Print the entries underneath word for word, omitting whatever pictures they contain.

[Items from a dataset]
+ + + + + + +

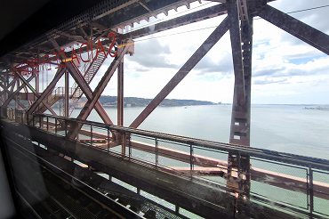 フェルタグスのフランス製2階建て電車で運行するセトゥーバル行きに乗ってローマ・アレエイロからプラガルへ向かっています。間もなくテージョ川に架かる4月25日橋を渡ります。(2025年9月7日) 2025年11月記 |
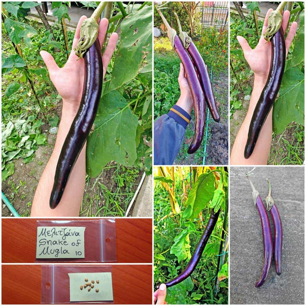 Σπάνια Παραδοσιακή ποικιλία από μακριά Μελιτζάνα Γίγας, η οποία είναι γνωστή με την ονομασία ”Snake of Mugla”. Η συγκεκριμένη ποικιλία διακρίνεται για τους επιμήκεις καρπούς της, οι οποίοι δεν περνούν απαρατήρητοι στον κήπο. Τα φυτά μπορούν να ξεπεράσουν τα 2 μέτρα σε ύψος, γι’ αυτό και χρειάζονται στιβαρά στηρίγματα. Οι καρποί φέρουν τρυφερή και γλυκιά σάρκα, ενώ δεν περιέχουν καθόλου πίκρα. Συνίσταται η συγκομιδή σε πρώιμο στάδιο ανάπτυξης των καρπών, όσο είναι τρυφεροί ακόμη. Προτείνουμε η καλλιέργεια να γίνεται σε φωτεινά μέρη, κάτω από δίχτυ σκίασης 40% για μεγιστοποίηση της απόδοσης των φυτών και την αποφυγή της πλήρους ηλιακής ακτινοβολίας κατά τους καλοκαιρινούς μήνες. Είναι καλό η σπορά να γίνεται αρχές της άνοιξης, αρχικά σε κυπελλάκια και ύστερα μεταφύτευση στη γη. Η απόσταση μεταξύ των ριζών συνίσταται να είναι γύρω στο 1 μέτρο, για να έχουν χώρο και να δώσουν πλούσια καρποφορία. Η ιδανική θερμοκρασία ανάπτυξης των φυτών είναι μεταξύ 22-30 βαθμών Κελσίου. Η Μελιτζάνα Γίγας ”Snake of Mugla” είναι μια από τις πιο εντυπωσιακές μελιτζάνες που έχουμε καλλιεργήσει.
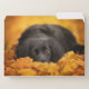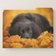 This Getty Cutest Baby Animals photo features a black spaniel lies in yellow and orange autumn leaves.
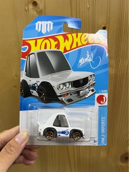 Mô hình Hot Wheels Mazda RX-3 HXR23 phiên bản màu trắng thuộc dòng J-Imports năm 2024, mang phong cách “Tooned” với thiết kế ngộ nghĩnh, phù hợp cho người sưu tầm yêu thích xe JDM và mô hình độc đáo.
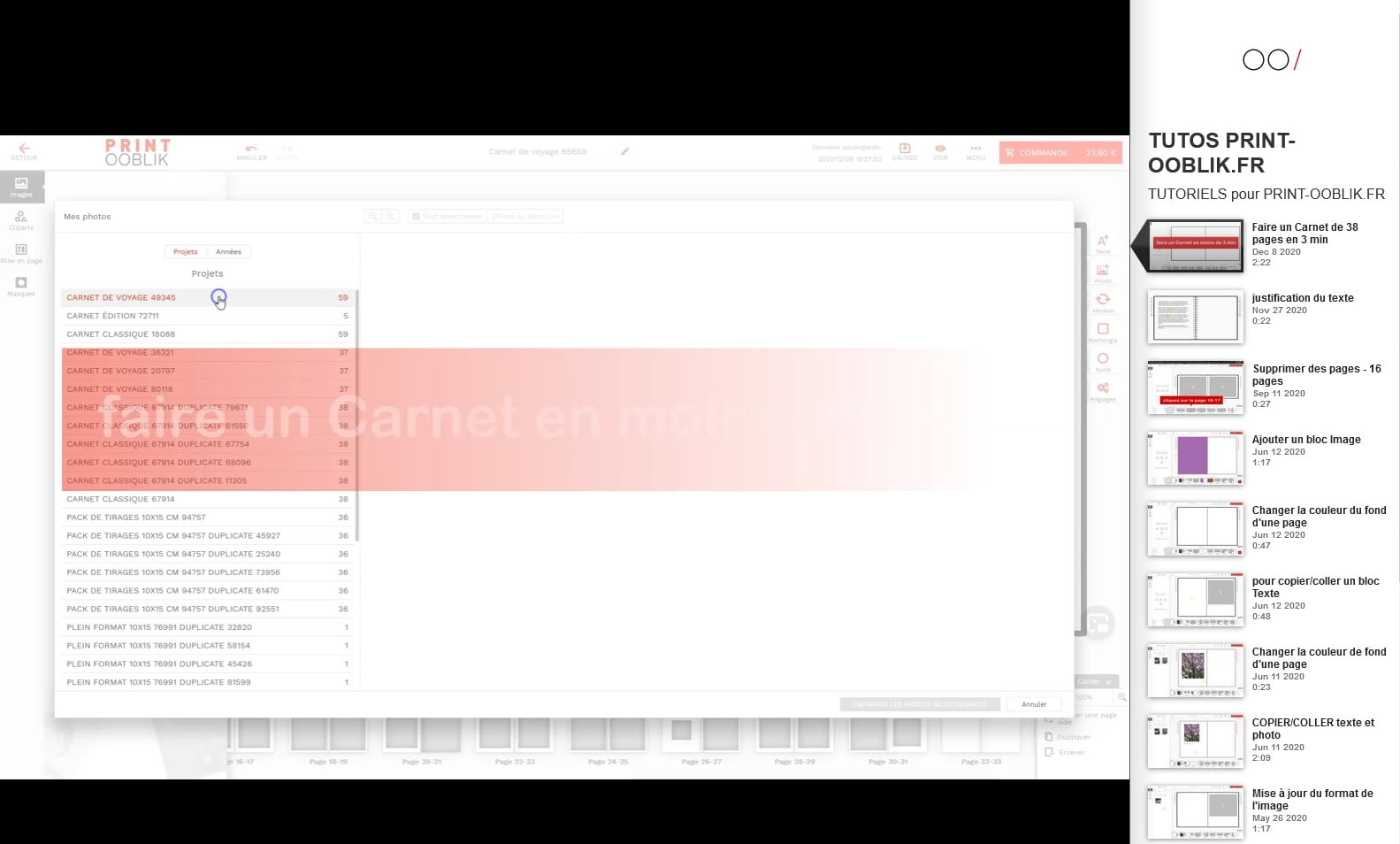 Nous avons réalisés des tutos vidéos pour vous aider avec notre éditeur en ligne, n’hésitez pas à les regarder pour découvrir les fonctions basiques et avancées de l’éditeur et apprendre à faire le Carnet que vous aimez.

+ + + + + + +

TASK SOLUTION —
 フェルタグスのフランス製2階建て電車で運行するセトゥーバル行きに乗ってローマ・アレエイロからプラガルへ向かっています。間もなくテージョ川に架かる4月25日橋を渡ります。(2025年9月7日) 2025年11月記 |
 Σπάνια Παραδοσιακή ποικιλία από μακριά Μελιτζάνα Γίγας, η οποία είναι γνωστή με την ονομασία ”Snake of Mugla”. Η συγκεκριμένη ποικιλία διακρίνεται για τους επιμήκεις καρπούς της, οι οποίοι δεν περνούν απαρατήρητοι στον κήπο. Τα φυτά μπορούν να ξεπεράσουν τα 2 μέτρα σε ύψος, γι’ αυτό και χρειάζονται στιβαρά στηρίγματα. Οι καρποί φέρουν τρυφερή και γλυκιά σάρκα, ενώ δεν περιέχουν καθόλου πίκρα. Συνίσταται η συγκομιδή σε πρώιμο στάδιο ανάπτυξης των καρπών, όσο είναι τρυφεροί ακόμη. Προτείνουμε η καλλιέργεια να γίνεται σε φωτεινά μέρη, κάτω από δίχτυ σκίασης 40% για μεγιστοποίηση της απόδοσης των φυτών και την αποφυγή της πλήρους ηλιακής ακτινοβολίας κατά τους καλοκαιρινούς μήνες. Είναι καλό η σπορά να γίνεται αρχές της άνοιξης, αρχικά σε κυπελλάκια και ύστερα μεταφύτευση στη γη. Η απόσταση μεταξύ των ριζών συνίσταται να είναι γύρω στο 1 μέτρο, για να έχουν χώρο και να δώσουν πλούσια καρποφορία. Η ιδανική θερμοκρασία ανάπτυξης των φυτών είναι μεταξύ 22-30 βαθμών Κελσίου. Η Μελιτζάνα Γίγας ”Snake of Mugla” είναι μια από τις πιο εντυπωσιακές μελιτζάνες που έχουμε καλλιεργήσει.
 This Getty Cutest Baby Animals photo features a black spaniel lies in yellow and orange autumn leaves.
 Mô hình Hot Wheels Mazda RX-3 HXR23 phiên bản màu trắng thuộc dòng J-Imports năm 2024, mang phong cách “Tooned” với thiết kế ngộ nghĩnh, phù hợp cho người sưu tầm yêu thích xe JDM và mô hình độc đáo.
 Nous avons réalisés des tutos vidéos pour vous aider avec notre éditeur en ligne, n’hésitez pas à les regarder pour découvrir les fonctions basiques et avancées de l’éditeur et apprendre à faire le Carnet que vous aimez.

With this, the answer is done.